Lin Cheng; Yanjie Liang; Yang Lu; Yiu-Ming Cheung

doi:10.1016/j.neunet.2024.106837

GradToken: Decoupling tokens with class-aware gradient for visual explanation of Transformer network

Neural Netw. 2024 Nov 1:181:106837. doi: 10.1016/j.neunet.2024.106837. Online ahead of print.

Authors

Lin Cheng¹, Yanjie Liang², Yang Lu³, Yiu-Ming Cheung⁴

Affiliations

¹ Fujian Key Laboratory of Sensing and Computing for Smart City, School of Informatics, Xiamen University, Xiamen 361005, China. Electronic address: [email protected].
² Peng Cheng Laboratory, Shenzhen 518000, China. Electronic address: [email protected].
³ Fujian Key Laboratory of Sensing and Computing for Smart City, School of Informatics, Xiamen University, Xiamen 361005, China. Electronic address: [email protected].
⁴ Department of Computer Science, Hong Kong Baptist University, Hong Kong Special Administrative Region of China. Electronic address: [email protected].

PMID: 39536602
DOI: 10.1016/j.neunet.2024.106837

Abstract

Transformer networks have been widely used in the fields of computer vision, natural language processing, graph-structured data analysis, etc. Subsequently, explanations of Transformer play a key role in helping humans understand and analyze its decision-making and working mechanism, thereby improving the trustworthiness in its real-world applications. However, it is difficult to apply the existing explanation methods for convolutional neural networks to Transformer networks, due to the significant differences between their structures. How to design a specific and effective explanation method for Transformer poses a challenge in the explanation area. To address this challenge, we first analyze the semantic coupling problem of attention weight matrices in Transformer, which puts obstacles in providing distinctive explanations for different categories of targets.
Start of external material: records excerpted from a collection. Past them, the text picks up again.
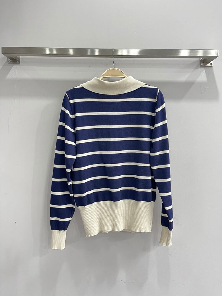 長袖女性ニットトップス秋冬ストライプターンダウン襟プルオーバーセーターセーターデ ロング オータム 秋物 ウィンター 冬物 Son6990524889
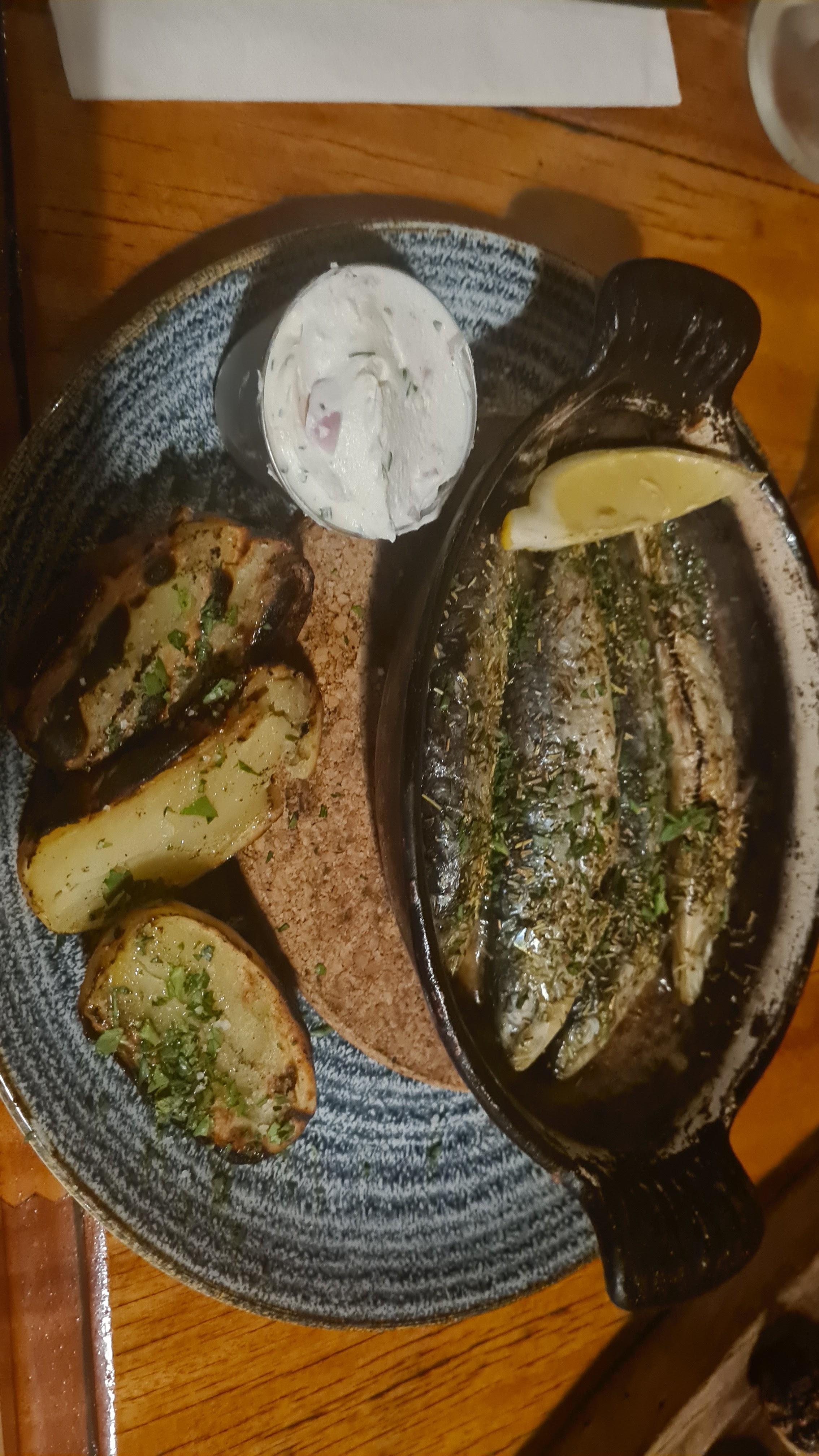 Petit resto très sympa les sardines trop bonnes avec des pommes de terre et sa petite sauce extra une super soirée qui change des resto pizza et hamburger merci
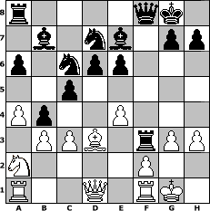 game notation in PGN-format [Event "Adevnt Advent "] [Site "www.myChess.de"] [Date "2018.12.04"] [Round "1"] [White "MiFie"] [Black "Robert"] [ECO "B23"] [WhitemyELO "1102"] [BlackmyELO "1574"] [Result "0-1"] [TimeControl "10/2592000"] [WhiteDays "60"] [BlackDays "19"] [MyChessNo "113650"] 1. e4 c5 2. Nc3 a6 3. Nf3 d6 4. Bc4 e6 5. O-O b5 6. Be2 Nc6 7. d3 Be7 8. Bf4 Nf6 9. h3 Bb7 10. a3 O-O 11. a4 b4 12. Na2 Nd7 13. b3 f5 14. c3 fxe4 15. dxe4 Rxf4 16. Bd3 Qf8 17. g3 Rxf3 0-1 position notation in FEN-format r4qk1/1b1nb1pp/p1npp3/2p5/Pp2P3/1PPB1rPP/N4P2/R2Q1RK1 - - - 0 18 Captured white pieces: Captured black pieces: Click on a captured piece in order to display the desired move!
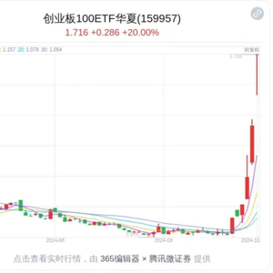 10月8日,市场全天大幅高开回落后再度走高,创业板指续创历史单日最大涨幅。截至收盘,沪指涨4.59%,深成指涨9.17%,创业板指涨17.25%,创业板成长ETF(159967)、创业板100ETF华夏(159957)、科创100ETF华夏(588800)等一批创业板和科创板类ETF更是20CM涨停。
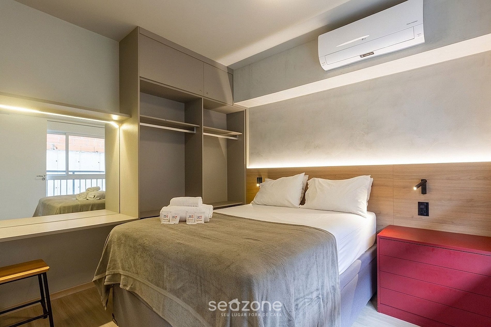 - Roupas de cama e banho de qualidade hoteleira (roupas de cama e toalhas extras são cobrados pela Seazone);
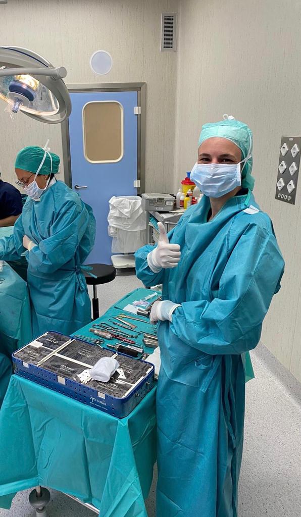«Cuando volví ya estaba el covid y destruyó todos los trabajos acá, sobre todo el turismo. Con toda la cuarentena y con todo el tiempo que tuvimos para pensar, me di cuenta que extrañaba lo mío, así que por suerte conseguí trabajo en una ortopedia que vende insumos para traumatología, básicamente lo que hice yo toda mi vida: yendo a cirugías, asistiendo a los médicos para la colocación de los implantes, en lo que me formé y lo que estudié», contó la joven sobre el trabajo que hoy ocupa sus días.
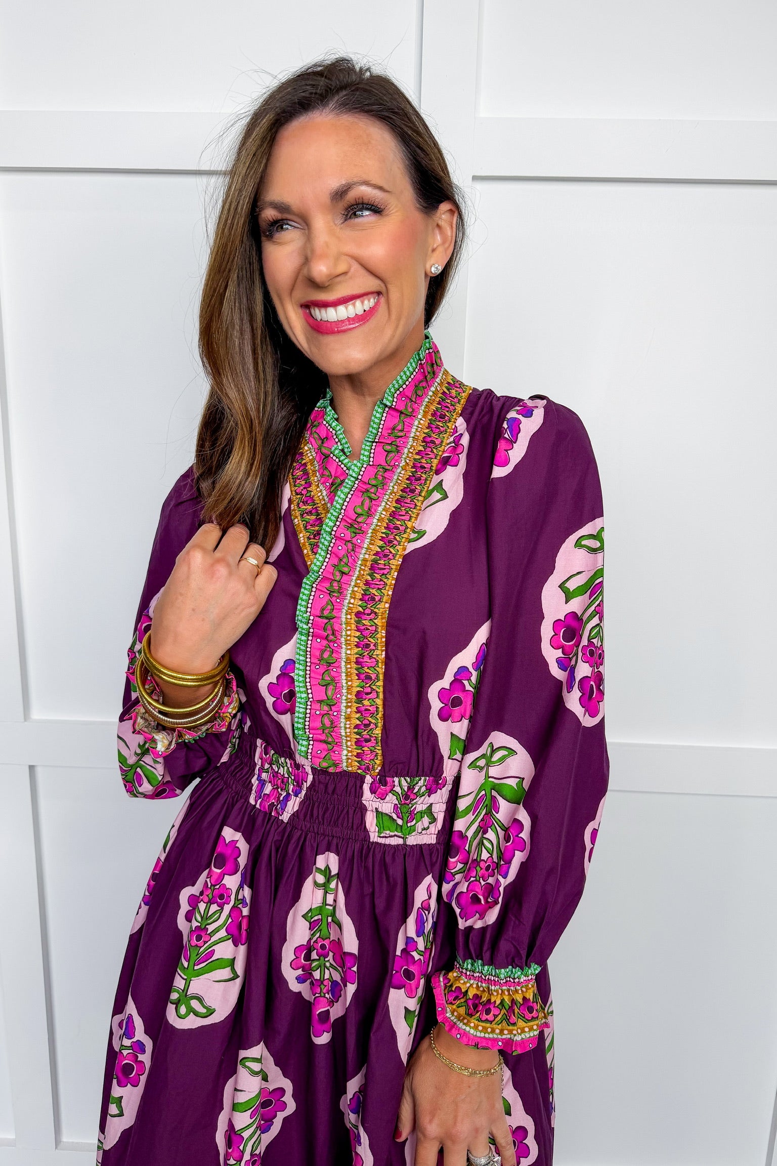 Float through your day in the Juliette Floral Printed Maxi Dress in Plum! This stunning dress features delicate ruffle details and a flattering smocked waist that cinches you in just right. With its soft fabric and easy, flowy fit, it’s perfect for weddings, date nights, or simply feeling beautiful wherever you go. Pair with simple sandals for a daytime look or dress it up with heels and gold jewelry for an effortlessly elegant vibe.
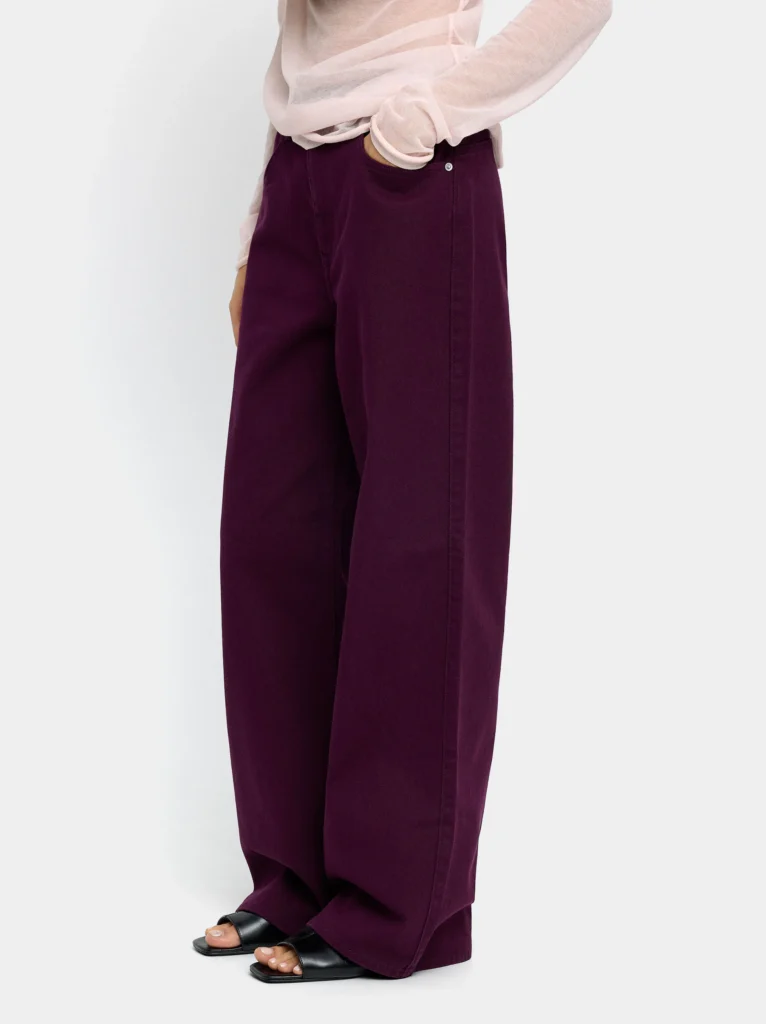 100% cotton denim trousers with a wide-leg straight cut and a single back pocket with topstitching detail along the leg. Finished with secure button-and-zip closure and belt loops, these trousers combine classic denim structure with contemporary proportion.
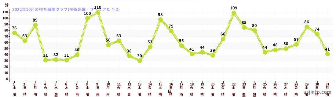 • 呪術廻戦・ザ・リアル 4-D$B$N(B2022年10月01日のの一日平均待ち時間
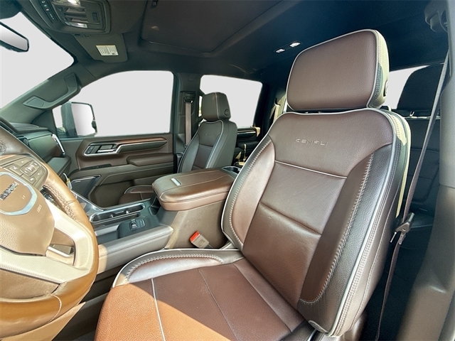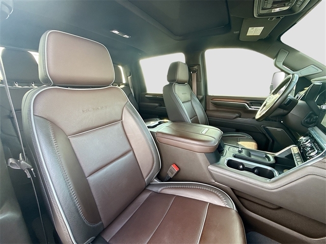 10-Speed Automatic, 4WD, Atmosphere/Brownstone Leather, 12-Way Power Driver Seat Adjuster w/Lumbar, 12-Way Power Passenger Seat Adjuster w/Lumbar, 120-Volt Bed Mounted Power Outlet, 120-Volt Instrument Panel Power Outlet, 2 Charge-Only Rear USB Ports, 2 Charge/Data USB Ports Inside Center Console, 2 USB Ports, 2-Speed Active Transfer Case, 220-Amp Alternator, 4-Wheel Disc Brakes, 7 Speakers, ABS brakes, Adaptive Cruise Control, Air Conditioning, Alloy wheels, AM/FM radio: SiriusXM with 360L, Apple CarPlay/Android Auto, Auto High-beam Headlights, Auto-dimming door mirrors, Auto-dimming Rear-View mirror, Automatic Emergency Braking, Automatic temperature control, Bed View Camera w/2 Trailer Camera Provisions, Body Color Wheel Arch Moldings (LPO), Bose Premium 7-Speaker Sound System, Brake assist, Buckle to Drive, Bumpers: body-color, Compass, Deep-Tinted Glass, Delay-off headlights, Denali Reserve Package, Driver door bin, Driver Memory, Driver vanity mirror, Dual front impact airbags, Dual front side impact airbags, Electric Rear-Window Defogger, Electronic Stability Control, Emergency communication system: OnStar and GMC connected services capable, Engine Block Heater, Exhaust Brake, Floor-Mounted Center Console, Following Distance Indicator, Forge Perforated Leather-Appointed Front Seat Trim, Forward Collision Alert, Front anti-roll bar, Front Bucket Seats, Front Center Armrest, Front dual zone A/C, Front fog lights, Front License Plate Kit, Front Pedestrian Braking, Front Rain-Sensing Wipers, Front reading lights, Front wheel independent suspension, Fully automatic headlights, Garage door transmitter, Genuine wood dashboard insert, Genuine wood door panel insert, GMC Connected Access Capable, Gooseneck/5th Wheel Prep Package, HD Surround Vision, Heated 2nd Row Outboard Seats, Heated door mirrors, Heated Driver & Front Outboard Passenger Seats, Heated front seats, Heated rear seats, Heated steering wheel, Heavy-Duty 80 Amp Battery, Hill Descent Control, Hitch Guidance w/Hitch View, Illuminated entry, In-Vehicle Trailering System App, Inside Rearview Auto-Dimming Rear Camera Mirror, Integrated Trailer Brake Controller, IntelliBeam Automatic High Beam On/Off, Keyless Open & Start, Lane Departure Warning System, LED Cargo Area Lighting, LED Smoked Amber Roof Marker Lamps, Low tire pressure warning, Manual Tilt-Wheel/Telescoping Steering Column, Max Trailering Package, Memory seat, Multicolor 15`` Diagonal Head-Up Display, Occupant sensing airbag, Off-Road Suspension, OnStar & GMC Connected Services Capable, Outside temperature display, Overhead airbag, Overhead console, Panic alarm, Passenger door bin, Passenger vanity mirror, Pickup Box, Polished Exhaust Tip, Power door mirrors, Power driver seat, Power Front Passenger Windows w/Express Up/Down, Power passenger seat, Power Sliding Rear Window w/Defogger, Power steering, Power Sunroof, Power windows, Power-Retractable Assist Steps, Preferred Equipment Group 5SA, Premium audio system: Premium GMC Infotainment System, Push Button Start, Radio: AM/FM w/Premium GMC Infotainment System, Rain sensing wipers, Rear Cross Traffic Alert, Rear reading lights, Rear seat center armrest, Rear step bumper, Rear Wheelhouse Liners, Rear window defroster, Remote keyless entry, Remote Vehicle Starter System, Safety Alert Seat, Security system, Signature Chrome Denali Grille, SiriusXM w/360L, Speed control, Speed-sensing steering, Split folding rear seat, Spray-On Bedliner w/Denali Logo, Steering Wheel Audio Controls, Steering wheel mounted audio controls, Tachometer, Technology Package, Telescoping steering wheel, Tilt steering wheel, Traction control, Trailer Cam Provisions & Trailer Viewi
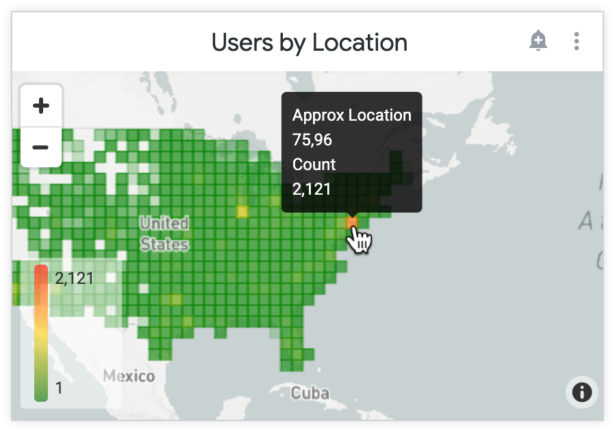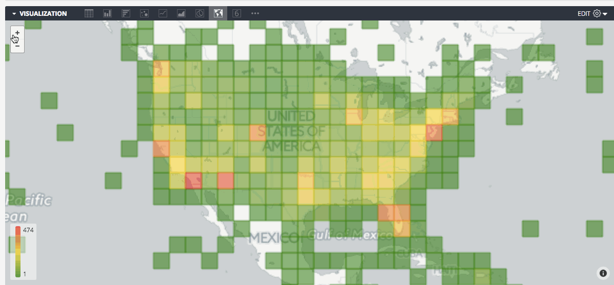 You can display data in the underlying query as a heatmap grid. It works by dividing the visible map into equal squares, then calculating which values in your data fit into each square. The squares are colored according to a measure that you choose. Zooming this map in or out will prompt Looker to re-calculate the grid, so that the granularity is appropriate to the zoom level.

Then, we propose a gradient-decoupling-based token relevance method (i.e., GradToken) for the visual explanation of Transformer's predictions. GradToken exploits the class-aware gradient to decouple the tangled semantics in the class token to the semantics corresponding to each category. GradToken further leverages the relations between the class token and spatial tokens to generate relevance maps. As a result, the visual explanation results generated by GradToken can effectively focus on the regions of selected targets. Extensive quantitative and qualitative experiments are conducted to verify the validity and reliability of the proposed method.

Keywords: Explanation; Interpretability; Transformer; Visualization.